In Jo's Boys in chapter 5, it is stated,

Jack and Ned sent regrets and best wishes, and no one mourned their absence; for they were among what Mrs. Jo called her failures.

Why were these two in particular considered to be failures? From the second chapter of Little Men (as well as other incidents in the book), we know that Jack is a greedy dastard, so I'd expect that vice to be what Jo is disapproving of. In Ned's case, chapter 2 of Little Men says he is a bully. But are we expected to believe that he continues to be a bully?

In chapter 15 of Jo's Boys, it is stated,

...while good-hearted Ned traveled all the way from Chicago to press their hands and say, with a tear in his eye: ‘I was so anxious to hear all about the dear old boy, I couldn’t keep away.’

The text describes Ned as kind-hearted, so one might expect that he has improved somewhat. For that matter, the other times Jack is mentioned in Jo's Boys don't seem to paint him negatively. So why does Jo consider them failures?

1 Answer 1


Right from the beginning of Little Men, Jack and Ned are portrayed as inherently flawed:

Jack Ford was a sharp, rather a sly lad, who was sent to this school, because it was cheap. Many men would have thought him a smart boy, but Mr. Bhaer did not like his way of illustrating that Yankee word, and thought his unboyish keenness and money-loving as much of an affliction as Dolly's stutter, or Dick's hump.

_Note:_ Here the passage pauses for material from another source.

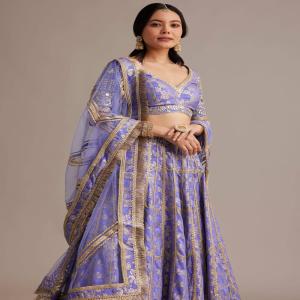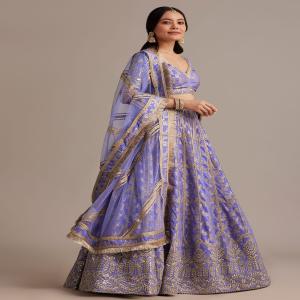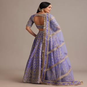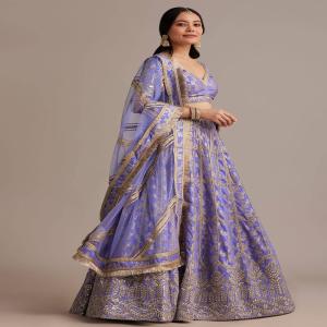 Blue Hand Embroidered Choli With Bandhani Print Lehenga And Choker Net Dupatta

Ned Barker ... bragged a good deal about what he could do, but seldom did any thing to prove it, was not brave, and a little given to tale-telling. He was apt to bully the small boys, and flatter the big ones, and without being at all bad, was just the sort of fellow who could very easily be led astray.

Unlike, say, Dolly's stutter (an unfortunate affliction) or Stuffy's greediness (the result of parental overindulgence), the flaws that Jack and Ned have are seen as something wrong with their character, as moral failings. Nothing in the course of Little Men changes that assessment or causes us to feel sympathy for them. For example, Jack steals Tommy's money, and is perfectly happy to let Nat bear the burden of suspicion; when Ned grudgingly begins to accept that Nat might not be the thief after all, he bullies Nat to try and get at the truth.

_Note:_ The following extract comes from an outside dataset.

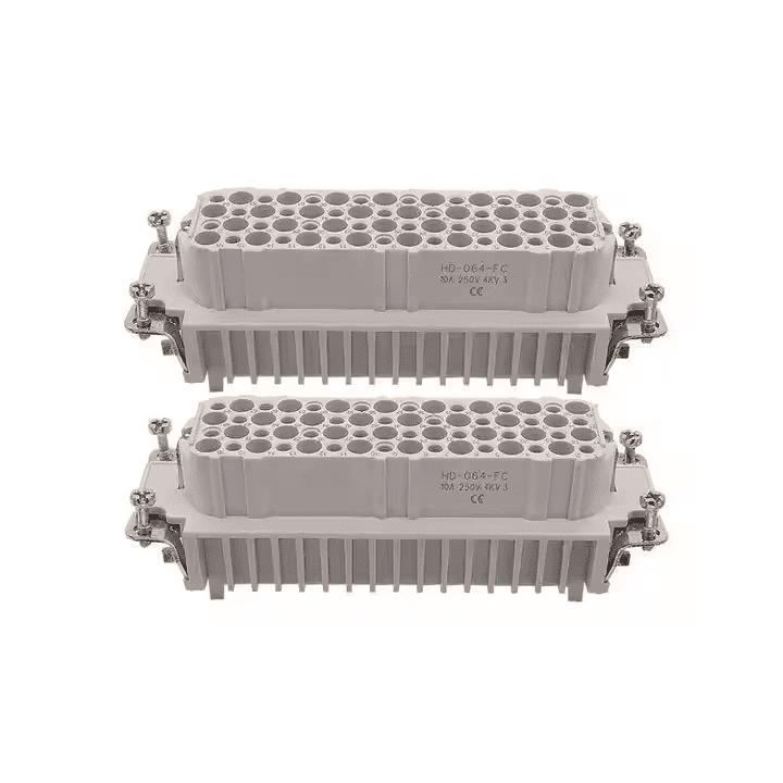 Combining two HD-064-FC units, this connector operates in extreme temperatures (-40℃–125℃) with 4kV impulse protection and ≤3mΩ resistance. It is ideal for photovoltaic and construction systems, ensuring 7.5Nm torque stability and 500+ mating cycles.

Alcott does show that each boy has his virtues as well. Jack does eventually confess to the theft and try to atone; Ned does treat Nan with disinterested affection. But for all that, neither Jack nor Ned form any significant connections with their fellow students at Plumfield. Every other boy or girl has at least one close attachment: Dan with Nat, Demi with Daisy, Tommy with Nan, Dick with Dolly, and so on. Through such attachments, the students become part of the larger Plumfield community and show the success of the school's methods.

Jack and Ned evidently haven't formed any such bonds with the community. Their careers after Plumfield show that their inherent nature is the same. Jack is still "money-loving"; he is a businessman "bent on getting rich". And Ned is a lawyer; nuff said.

Joking apart, the reason they are "failures" is precisely that "no one mourned their absence". Unlike the other boys (and random girl or two) of Plumfield, Jack and Ned have not made themselves part of the place. So when Nat is on the verge of departure for the untamed wilds of Europe (let us remember what a barbarian place it was in the 19th century, especially when seen from the vantage point of the high culture and civilization then prevalent in America), the rest of the community gathers to wish him farewell; Jack and Ned are not connected enough to feel drawn to participate, and worse, nobody cares that they aren't part of the gathering. Is there a greater indication of failure in life than that your presence or absence makes no difference to anybody?